The arbitrator agreed with the union that CPR was “well aware of the difficult family situation faced by the [worker]” and had accommodated her previously. CPR initially took steps to accommodate the worker again by accepting the “fit” notice and then granting her unpaid personal leave, and it was clearly interested in finding out whether the child-care issue was going to be resolved and whether the worker could return to work by holding an investigation and notifying the worker, the arbitrator said.

The arbitrator found that CPR likely lost patience with the worker’s lack of communication decided to close her employment file. However, the company’s assumption that the worker wasn’t interested in maintaining her employment was “both arbitrary and erroneous,” the arbitrator said, adding that the notices of investigation didn’t indicate that her employment would be terminated if she didn’t attend or respond.

Miscommunication with accommodations

CPR initially had the right idea of trying to find a way to accommodate the worker, but its mistake was not involving the worker or the union, says Bowles.

“Besides providing a notice of investigation, [CPR] never clearly indicated to either the union or the worker that a failure to respond to those notices would result in a finding that the worker had abandoned her employment,” he says. “They basically jumped to the assumption that the worker had abandoned her employment because she didn't respond to the notices for investigation, but those notices had not said that they would jump to that conclusion.”
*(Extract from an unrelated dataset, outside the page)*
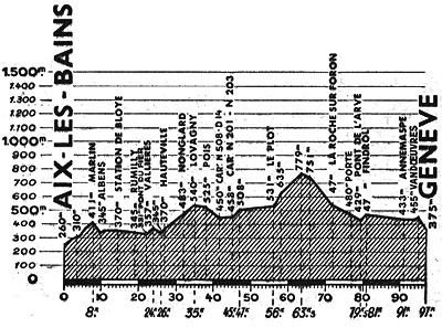 10h30 (Savoie) : Aix-les-Bains (km 0) - Albens (km 10) - Rumilly (km 19) - Vallières (km 23) - Hauteville (km 27) - Nonglard (km 32) - Lovagny (km 35) - Poisy (km 38) - Meythet (km 42) - Metz (km 44) - Carr. N201-N203 (km 45) - Le Plot (km 56) - La Roche-sur-Foron (km 72-ravitaillement) - Findrol (km 81) - Nangy (km 83) - Arthaz (km 85) - Annemasse (km 91) - Ville-la-Grand (km 92) - SUISSE / Frontière (km 93) - Vandoeuvres (km 95) - Genève / Stade de Frontenex (km 97).

“Besides the obligation to actually make the right decisions about employees, there's also an obligation to communicate with employees in relation to those decisions,” adds Bowles.

Although the worker’s compassionate leave request didn’t make it to upper management, local management was aware of it and it was evidence that the worker still wanted to work for CPR, the arbitrator found. Add in the FAF that the worker submitted in January 2022 and it was clear that the worker had no intention of abandoning her employment, said the arbitrator.
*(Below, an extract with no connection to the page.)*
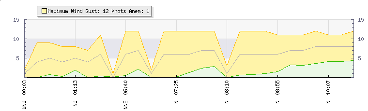 In the last few minutes the wind was Northerly at an average speed of 6 knots, reaching up to 11 knots and a low of 2 knots. The gust strength is9 knots above the minimum speed |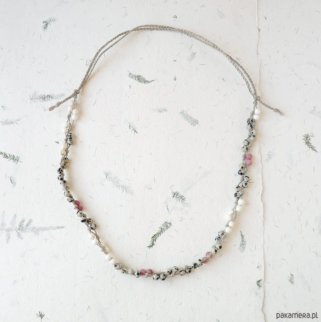 len naturalny, kulki jaspis dalmatyńczyk, rodonit, jaspis

CPR was ordered to reinstate the worker to her position without any loss of seniority. The issue of proper accommodation from September 2021 to the January 2022 FAF that indicated that the worker was unfit for work was remitted back to the parties, as was the issue of compensation for the lack of accommodation during that period.

Multi-party process

The arbitrator also determined that the worker should have made greater efforts to keep CPR informed of her health, evolving child-care responsibilities, and ability to perform her job duties. As a result, no damages for the company’s failure to accommodate were appropriate, said the arbitrator.

The fact that the arbitrator awarded no damages to the worker emphasizes that accommodation is a multi-party process where each of the parties involved - in this case the union, the worker, and the employer - all have responsibilities, says Bowles.
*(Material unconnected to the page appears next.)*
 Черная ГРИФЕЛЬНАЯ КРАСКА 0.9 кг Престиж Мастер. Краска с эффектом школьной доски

“While CPR didn’t necessarily meet its responsibilities with prospective accommodation, the fact that the worker hadn't made additional efforts to communicate her needs directly to management meant that the arbitrator couldn’t find that she was entitled to additional damages,” he says. “Because she hadn’t communicated with the employer very clearly, the company wasn’t responsible for general, punitive, or some other form of damages for violating [the worker’s] human rights.”

See Canadian Pacific Kansas City Railway and Teamsters Canada Rail Conference (Ryles), Re (Feb. 20, 2024), Docket No. 4893, J. Cameron – arb (Can. Railway Office of Arb. & Dispute Res.).